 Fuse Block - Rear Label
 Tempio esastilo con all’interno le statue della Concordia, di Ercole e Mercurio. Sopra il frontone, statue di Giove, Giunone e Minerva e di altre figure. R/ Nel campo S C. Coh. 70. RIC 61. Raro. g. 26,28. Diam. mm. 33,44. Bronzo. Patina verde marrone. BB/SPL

...

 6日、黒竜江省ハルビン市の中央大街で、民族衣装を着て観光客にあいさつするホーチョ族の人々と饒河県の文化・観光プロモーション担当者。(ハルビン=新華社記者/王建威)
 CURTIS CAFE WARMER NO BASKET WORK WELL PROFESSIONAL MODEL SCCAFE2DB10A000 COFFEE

What the task asks: Only one stretch of the entries above is wanted: the lines from the one containing "6日、黒竜江省ハルビン市の中" through the one containing "CURTIS CAFE WARMER". Please reproduce it exactly.

Exercise response:
 6日、黒竜江省ハルビン市の中央大街で、民族衣装を着て観光客にあいさつするホーチョ族の人々と饒河県の文化・観光プロモーション担当者。(ハルビン=新華社記者/王建威)
 CURTIS CAFE WARMER NO BASKET WORK WELL PROFESSIONAL MODEL SCCAFE2DB10A000 COFFEE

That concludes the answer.